In the introduction to his commentary on Song of Songs, Isaac Akrish paints in vivid colors the character of the Radbaz, in whose house he lived for ten years. According to Akrish, the Radbaz was prominent in both the social and the political life of Egypt thanks to his status as a wealthy intellectual. During the time he served as Chief Rabbi, he introduced many reforms to the everyday life and religion of the Egyptian Jews. It was he who abolished the use of the Seleucid dating system in the Egyptian Jewish community and reintroduced the dating of years from Creation, as was done in other Jewish communities and continues to be done until the present day.

Upon attaining the age of 90, the Radbaz resigned the chief rabbinate and divided the greater part of his fortune among the poor, making special provision for Torah scholars. He then moved to Jerusalem. But he did not stay there long, due to the burdensome taxes that the Ottoman Empire had imposed upon Jews. He settled in Safed, capital of the Safad Sanjak, where he became an active member of the rabbinical court presided over by Joseph Karo, who held him in great esteem. He spent the last 20 years of his life in peace, continuing his learning and writing.

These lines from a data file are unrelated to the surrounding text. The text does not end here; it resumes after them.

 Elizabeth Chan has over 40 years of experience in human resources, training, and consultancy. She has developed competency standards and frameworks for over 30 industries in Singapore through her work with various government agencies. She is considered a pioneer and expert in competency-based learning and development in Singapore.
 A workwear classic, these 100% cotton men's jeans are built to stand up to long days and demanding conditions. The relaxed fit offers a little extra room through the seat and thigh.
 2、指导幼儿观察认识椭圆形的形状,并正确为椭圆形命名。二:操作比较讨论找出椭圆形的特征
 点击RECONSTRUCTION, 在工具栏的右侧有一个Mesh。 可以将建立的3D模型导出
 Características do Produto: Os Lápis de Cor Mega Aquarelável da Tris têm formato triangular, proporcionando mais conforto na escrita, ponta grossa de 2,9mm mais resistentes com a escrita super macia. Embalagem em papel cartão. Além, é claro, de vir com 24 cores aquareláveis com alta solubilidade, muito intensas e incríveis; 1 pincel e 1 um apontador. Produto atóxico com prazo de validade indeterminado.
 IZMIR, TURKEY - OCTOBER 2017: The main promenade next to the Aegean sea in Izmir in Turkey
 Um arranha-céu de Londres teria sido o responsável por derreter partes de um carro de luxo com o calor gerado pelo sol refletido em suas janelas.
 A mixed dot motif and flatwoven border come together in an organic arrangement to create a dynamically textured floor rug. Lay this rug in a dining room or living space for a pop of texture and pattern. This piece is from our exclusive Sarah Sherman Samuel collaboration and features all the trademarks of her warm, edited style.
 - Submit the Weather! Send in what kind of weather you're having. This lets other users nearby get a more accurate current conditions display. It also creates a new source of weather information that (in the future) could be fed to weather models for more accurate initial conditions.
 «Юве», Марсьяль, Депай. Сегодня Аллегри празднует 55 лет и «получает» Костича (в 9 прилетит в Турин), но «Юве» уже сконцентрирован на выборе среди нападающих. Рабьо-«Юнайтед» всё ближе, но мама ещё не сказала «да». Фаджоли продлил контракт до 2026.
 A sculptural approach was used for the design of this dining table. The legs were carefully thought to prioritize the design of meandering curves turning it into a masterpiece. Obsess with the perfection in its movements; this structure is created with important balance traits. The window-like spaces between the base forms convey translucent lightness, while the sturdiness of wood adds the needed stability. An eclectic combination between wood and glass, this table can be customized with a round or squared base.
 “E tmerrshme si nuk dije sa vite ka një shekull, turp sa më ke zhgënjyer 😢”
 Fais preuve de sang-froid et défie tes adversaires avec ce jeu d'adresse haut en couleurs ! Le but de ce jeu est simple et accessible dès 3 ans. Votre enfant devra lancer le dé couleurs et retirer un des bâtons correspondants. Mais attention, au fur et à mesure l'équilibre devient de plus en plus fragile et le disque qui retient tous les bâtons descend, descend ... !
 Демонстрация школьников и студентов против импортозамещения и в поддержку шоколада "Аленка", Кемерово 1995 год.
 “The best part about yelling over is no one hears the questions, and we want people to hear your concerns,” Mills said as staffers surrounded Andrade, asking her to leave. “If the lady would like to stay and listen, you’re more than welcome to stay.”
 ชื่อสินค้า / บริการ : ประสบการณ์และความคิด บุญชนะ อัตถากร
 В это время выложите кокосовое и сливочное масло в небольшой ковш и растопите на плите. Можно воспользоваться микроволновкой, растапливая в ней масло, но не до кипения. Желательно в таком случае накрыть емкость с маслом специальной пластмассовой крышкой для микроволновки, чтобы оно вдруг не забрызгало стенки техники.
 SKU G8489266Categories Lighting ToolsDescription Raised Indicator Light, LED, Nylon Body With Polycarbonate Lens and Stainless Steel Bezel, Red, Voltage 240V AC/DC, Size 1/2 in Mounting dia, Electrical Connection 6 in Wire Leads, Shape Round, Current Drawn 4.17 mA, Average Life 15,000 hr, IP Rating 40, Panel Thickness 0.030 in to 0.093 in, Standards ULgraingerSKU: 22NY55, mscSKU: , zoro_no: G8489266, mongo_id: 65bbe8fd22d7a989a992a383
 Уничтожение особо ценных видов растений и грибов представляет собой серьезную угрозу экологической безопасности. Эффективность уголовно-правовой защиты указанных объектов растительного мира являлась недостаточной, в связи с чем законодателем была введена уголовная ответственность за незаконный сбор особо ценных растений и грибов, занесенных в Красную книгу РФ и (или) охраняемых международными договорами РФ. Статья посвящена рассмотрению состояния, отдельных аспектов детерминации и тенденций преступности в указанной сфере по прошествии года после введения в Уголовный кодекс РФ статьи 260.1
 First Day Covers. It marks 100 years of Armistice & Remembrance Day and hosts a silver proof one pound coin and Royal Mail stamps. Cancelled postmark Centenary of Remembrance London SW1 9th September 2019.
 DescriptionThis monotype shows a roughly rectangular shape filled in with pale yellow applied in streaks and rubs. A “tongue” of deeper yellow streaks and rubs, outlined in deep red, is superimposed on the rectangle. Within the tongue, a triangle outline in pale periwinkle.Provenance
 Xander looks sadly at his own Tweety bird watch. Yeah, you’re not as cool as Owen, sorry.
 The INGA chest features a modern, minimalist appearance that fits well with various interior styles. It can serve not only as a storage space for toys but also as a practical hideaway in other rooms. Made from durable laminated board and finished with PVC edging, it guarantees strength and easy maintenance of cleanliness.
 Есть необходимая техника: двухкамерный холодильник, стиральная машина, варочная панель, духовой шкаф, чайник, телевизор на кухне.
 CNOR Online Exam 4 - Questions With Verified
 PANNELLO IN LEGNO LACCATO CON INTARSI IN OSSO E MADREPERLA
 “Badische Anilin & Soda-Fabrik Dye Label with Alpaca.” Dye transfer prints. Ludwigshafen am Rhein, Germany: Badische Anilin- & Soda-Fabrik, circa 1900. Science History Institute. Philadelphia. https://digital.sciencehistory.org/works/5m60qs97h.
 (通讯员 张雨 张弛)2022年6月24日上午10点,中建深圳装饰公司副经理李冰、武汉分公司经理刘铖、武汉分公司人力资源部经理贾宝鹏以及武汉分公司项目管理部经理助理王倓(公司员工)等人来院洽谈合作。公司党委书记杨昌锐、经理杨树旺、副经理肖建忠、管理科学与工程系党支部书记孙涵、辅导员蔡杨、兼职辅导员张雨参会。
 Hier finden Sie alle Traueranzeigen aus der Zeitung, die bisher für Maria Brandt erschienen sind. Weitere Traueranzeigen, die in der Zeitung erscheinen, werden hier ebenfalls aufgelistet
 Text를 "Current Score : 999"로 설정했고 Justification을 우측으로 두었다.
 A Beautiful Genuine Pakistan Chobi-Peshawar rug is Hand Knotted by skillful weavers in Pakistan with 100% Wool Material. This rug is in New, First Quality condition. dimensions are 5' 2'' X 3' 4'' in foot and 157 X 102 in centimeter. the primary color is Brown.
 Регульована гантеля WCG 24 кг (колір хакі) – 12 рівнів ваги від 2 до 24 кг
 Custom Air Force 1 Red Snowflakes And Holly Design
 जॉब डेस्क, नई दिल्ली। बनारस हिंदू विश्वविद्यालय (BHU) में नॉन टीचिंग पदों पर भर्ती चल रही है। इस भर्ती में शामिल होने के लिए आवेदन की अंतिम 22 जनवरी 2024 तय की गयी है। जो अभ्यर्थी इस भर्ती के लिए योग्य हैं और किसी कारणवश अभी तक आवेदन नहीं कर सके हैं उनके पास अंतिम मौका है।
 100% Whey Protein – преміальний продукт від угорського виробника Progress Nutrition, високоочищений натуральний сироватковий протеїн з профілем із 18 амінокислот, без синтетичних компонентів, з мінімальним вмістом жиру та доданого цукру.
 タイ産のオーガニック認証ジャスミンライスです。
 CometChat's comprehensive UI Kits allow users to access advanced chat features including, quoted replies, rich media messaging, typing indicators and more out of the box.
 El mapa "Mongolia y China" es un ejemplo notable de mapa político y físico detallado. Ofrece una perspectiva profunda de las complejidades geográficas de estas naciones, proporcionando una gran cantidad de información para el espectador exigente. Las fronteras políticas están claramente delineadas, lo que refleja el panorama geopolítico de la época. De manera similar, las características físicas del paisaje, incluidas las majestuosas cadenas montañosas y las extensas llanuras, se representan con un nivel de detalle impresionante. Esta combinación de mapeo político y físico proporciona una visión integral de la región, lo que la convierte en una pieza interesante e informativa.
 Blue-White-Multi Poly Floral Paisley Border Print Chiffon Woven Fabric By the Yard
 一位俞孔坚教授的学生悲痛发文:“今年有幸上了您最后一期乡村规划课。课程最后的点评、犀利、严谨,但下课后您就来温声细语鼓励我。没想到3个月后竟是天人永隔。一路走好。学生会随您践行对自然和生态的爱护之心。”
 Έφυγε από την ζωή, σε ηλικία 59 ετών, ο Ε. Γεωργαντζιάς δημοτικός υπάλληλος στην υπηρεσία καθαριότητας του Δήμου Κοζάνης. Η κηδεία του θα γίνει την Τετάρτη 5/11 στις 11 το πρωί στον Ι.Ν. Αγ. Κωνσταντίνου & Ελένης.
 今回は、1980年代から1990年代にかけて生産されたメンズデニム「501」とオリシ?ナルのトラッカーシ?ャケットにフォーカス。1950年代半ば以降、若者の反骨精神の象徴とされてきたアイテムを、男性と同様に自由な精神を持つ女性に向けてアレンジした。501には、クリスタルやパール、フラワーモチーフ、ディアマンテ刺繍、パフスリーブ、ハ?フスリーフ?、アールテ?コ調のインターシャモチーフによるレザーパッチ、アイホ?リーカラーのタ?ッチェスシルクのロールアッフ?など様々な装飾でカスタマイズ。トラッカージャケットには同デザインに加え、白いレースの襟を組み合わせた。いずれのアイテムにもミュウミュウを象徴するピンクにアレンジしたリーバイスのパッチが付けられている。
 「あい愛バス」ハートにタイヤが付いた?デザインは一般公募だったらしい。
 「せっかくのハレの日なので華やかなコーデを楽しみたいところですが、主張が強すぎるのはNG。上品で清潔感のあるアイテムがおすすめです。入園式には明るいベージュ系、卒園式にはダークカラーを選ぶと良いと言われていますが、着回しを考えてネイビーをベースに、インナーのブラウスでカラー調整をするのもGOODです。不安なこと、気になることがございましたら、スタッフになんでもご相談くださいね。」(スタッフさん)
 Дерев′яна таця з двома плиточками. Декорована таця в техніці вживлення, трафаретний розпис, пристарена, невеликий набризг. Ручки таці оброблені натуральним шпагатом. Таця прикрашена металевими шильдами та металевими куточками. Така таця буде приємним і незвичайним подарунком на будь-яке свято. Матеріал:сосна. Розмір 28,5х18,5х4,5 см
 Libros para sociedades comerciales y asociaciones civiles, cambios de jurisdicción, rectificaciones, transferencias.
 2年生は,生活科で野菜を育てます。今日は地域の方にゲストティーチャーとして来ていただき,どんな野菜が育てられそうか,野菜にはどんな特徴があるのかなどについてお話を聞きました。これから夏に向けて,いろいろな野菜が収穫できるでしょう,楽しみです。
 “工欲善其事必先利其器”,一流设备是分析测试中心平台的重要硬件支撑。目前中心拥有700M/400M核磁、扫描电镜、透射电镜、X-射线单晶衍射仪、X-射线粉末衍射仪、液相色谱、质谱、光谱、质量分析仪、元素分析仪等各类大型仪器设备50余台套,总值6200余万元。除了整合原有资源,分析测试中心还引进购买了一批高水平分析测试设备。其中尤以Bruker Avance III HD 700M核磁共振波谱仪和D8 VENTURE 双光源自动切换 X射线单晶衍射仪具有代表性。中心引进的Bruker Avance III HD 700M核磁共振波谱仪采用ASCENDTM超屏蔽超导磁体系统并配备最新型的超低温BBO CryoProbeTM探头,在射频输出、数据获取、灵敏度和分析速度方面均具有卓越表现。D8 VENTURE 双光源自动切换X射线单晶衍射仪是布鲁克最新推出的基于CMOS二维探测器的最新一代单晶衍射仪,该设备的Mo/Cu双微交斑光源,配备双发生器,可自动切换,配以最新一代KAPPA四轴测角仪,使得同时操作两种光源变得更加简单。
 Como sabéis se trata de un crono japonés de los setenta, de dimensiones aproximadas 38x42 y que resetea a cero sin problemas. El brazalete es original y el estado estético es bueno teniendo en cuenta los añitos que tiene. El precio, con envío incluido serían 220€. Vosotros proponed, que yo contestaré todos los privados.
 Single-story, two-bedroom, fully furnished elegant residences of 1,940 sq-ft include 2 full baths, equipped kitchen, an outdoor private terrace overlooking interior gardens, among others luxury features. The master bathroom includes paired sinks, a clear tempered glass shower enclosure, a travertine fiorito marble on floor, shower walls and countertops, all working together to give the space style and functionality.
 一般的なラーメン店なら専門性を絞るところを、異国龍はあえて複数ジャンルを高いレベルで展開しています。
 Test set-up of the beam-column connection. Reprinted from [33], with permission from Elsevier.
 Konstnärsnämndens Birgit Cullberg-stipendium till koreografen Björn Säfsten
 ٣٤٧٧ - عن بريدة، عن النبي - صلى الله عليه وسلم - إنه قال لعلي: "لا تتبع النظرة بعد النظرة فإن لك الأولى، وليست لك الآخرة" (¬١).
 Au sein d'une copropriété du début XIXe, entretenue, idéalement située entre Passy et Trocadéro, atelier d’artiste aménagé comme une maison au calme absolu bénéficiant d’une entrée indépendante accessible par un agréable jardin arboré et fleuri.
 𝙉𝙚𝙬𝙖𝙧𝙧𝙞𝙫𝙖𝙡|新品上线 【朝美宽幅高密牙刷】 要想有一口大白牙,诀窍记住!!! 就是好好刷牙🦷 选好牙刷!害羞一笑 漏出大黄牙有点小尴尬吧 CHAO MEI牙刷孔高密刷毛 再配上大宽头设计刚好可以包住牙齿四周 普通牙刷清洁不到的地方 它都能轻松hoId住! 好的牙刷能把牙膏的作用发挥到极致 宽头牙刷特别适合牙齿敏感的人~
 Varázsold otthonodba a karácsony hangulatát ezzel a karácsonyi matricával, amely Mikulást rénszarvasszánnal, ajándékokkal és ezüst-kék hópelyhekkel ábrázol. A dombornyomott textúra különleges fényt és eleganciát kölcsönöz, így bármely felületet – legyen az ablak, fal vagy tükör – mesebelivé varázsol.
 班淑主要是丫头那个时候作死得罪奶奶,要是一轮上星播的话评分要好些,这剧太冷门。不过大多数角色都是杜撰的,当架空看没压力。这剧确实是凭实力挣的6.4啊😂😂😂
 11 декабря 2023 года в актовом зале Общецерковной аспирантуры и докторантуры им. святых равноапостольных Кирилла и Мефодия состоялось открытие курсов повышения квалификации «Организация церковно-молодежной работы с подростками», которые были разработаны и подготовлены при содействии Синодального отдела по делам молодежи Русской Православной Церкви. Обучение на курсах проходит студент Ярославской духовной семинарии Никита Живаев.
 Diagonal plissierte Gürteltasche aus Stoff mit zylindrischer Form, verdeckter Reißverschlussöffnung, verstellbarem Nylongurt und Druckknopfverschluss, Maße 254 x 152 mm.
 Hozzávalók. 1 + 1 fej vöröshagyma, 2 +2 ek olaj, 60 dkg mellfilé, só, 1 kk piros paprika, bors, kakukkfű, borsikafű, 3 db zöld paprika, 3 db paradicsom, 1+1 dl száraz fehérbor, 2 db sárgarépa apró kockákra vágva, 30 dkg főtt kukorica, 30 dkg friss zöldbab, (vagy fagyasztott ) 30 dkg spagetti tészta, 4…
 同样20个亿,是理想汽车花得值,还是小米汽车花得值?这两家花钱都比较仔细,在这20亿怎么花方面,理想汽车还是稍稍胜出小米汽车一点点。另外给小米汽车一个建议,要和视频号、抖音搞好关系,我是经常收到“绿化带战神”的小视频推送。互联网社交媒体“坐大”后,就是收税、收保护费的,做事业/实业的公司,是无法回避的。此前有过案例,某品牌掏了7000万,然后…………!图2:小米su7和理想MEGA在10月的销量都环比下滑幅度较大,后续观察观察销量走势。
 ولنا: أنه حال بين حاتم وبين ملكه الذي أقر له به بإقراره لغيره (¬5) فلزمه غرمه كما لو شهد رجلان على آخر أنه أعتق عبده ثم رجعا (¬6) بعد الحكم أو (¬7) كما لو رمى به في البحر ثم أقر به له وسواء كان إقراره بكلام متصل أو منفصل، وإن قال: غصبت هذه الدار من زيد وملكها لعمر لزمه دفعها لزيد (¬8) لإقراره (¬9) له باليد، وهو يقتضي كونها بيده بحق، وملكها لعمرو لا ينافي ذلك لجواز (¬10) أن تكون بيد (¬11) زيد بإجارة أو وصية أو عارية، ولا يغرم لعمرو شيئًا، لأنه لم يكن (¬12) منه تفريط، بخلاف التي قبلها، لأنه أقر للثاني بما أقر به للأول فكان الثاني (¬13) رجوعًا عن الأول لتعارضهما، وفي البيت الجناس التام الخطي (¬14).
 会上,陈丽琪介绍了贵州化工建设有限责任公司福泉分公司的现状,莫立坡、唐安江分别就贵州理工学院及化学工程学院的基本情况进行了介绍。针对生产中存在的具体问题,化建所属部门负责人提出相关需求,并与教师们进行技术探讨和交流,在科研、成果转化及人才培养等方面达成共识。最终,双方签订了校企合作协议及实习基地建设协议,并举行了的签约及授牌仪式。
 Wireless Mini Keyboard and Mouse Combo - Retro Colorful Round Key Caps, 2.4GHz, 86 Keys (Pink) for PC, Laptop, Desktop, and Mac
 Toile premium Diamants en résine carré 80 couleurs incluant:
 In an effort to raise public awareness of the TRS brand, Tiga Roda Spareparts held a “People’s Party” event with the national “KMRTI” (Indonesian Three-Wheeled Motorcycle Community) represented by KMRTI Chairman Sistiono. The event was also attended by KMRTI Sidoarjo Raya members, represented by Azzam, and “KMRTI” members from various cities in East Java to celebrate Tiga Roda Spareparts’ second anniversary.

The Radbaz died in Safed in 1573 at the age of 94, and was buried in the Safed Old Jewish Cemetery.

==Works==
- Divrei David ("Words of David") – containing decisions and chiddushim (original Torah thoughts) on Maimonides' Mishneh Torah, published by Joseph Zamiro, together with his own work, Hon Yosef ("Wealth of Joseph"), Livorno, 1828.
- Yekar Tiferet ("Honor of Excellency") – containing answers to the criticisms of Abraham ben David on Maimonides' Mishneh Torah and commentaries on those passages in that work which the Maggid Mishneh of Vidal of Tolosa overlooks; of these commentaries, the portions on Hafla'ah and Zera'im were published in Smyrna in 1757, and the remaining portions in the Vilna edition of the Mishneh Torah, 1890.
- Kelalei ha-Gemara ("Rules of the Gemara") – a methodology of the Talmud, published in the collection Me-Harere Nemarim of Abraham ben Solomon Akra, Venice, 1599.
- Ohr Kadmon ("Pristine Light") – a Kabbalistic work, edited by Moses Hagiz, Venice, 1713.
- Magen David ("Shield of David") – a mystical explanation of the Hebrew alphabet opposing Recanati and Rabbi Judah Ḥayyaṭ, edited by Chagis, Amsterdam, 1713.
- Metzudat David ("The Bulwark of David") – revealing reasons for the 613 commandments according to the four methods of explanation known as the "Pardes system" (Zolkiev, 1862).
- Michtam le-David ("David's Poem") – Kabbalistic homilies on the Song of Songs, still extant in manuscript.
- Keter Malkut ("Crown of Royalty") – prayers for Yom Kippur, first published with the above-mentioned Ohr Kadmon, reprinted in the Shevet Musar of Elijah ben Abraham Solomon ha-Kohen of Smyrna, and finally inserted by Heidenheim in the ritual for the eve of Yom Kippur.
- Gilui le-Idrot – a commentary on the Idrot with notes by Rabbi Chaim Vital, still extant in manuscript in the Abarbanel Library in Jerusalem.
- Dinei Rabba ve-Zuta ("The Great and Small Decisions") – a commentary on the Shulkhan Arukh.
- Shivim Panim la-Torah ("Seventy Faces to the Torah") – the latter two works are mentioned in the preface of Magen David.

The Radbaz's responsa are his greatest contribution to Jewish literature; parts of it were published in Livorno, 1651 (Nos. 1–300); Venice, 1799 (Nos. 1–318); Fürth, 1781 (Nos. 400–649); Livorno, 1818 (Nos. 2051–2341). A complete edition of the responsa was published in Sudzilkow, 1836.
- Questions & Responsa (a collection of responsa written by Rabbi David ibn Abi Zimra, published in 2 vols., in seven parts) (Venice, 1749), reprinted in Israel, n.d.
==Bibliography==
- Israel M. Goldman, The Life and Times of Rabbi David Ibn Abi Zimra: A Social, Economic, and Cultural Study of Jewish Life in the Ottoman Empire in the 15th and 16th Centuries as Reflected in the Responsa of the RDBZ, New York, The Jewish Theological Seminary of America, 1970.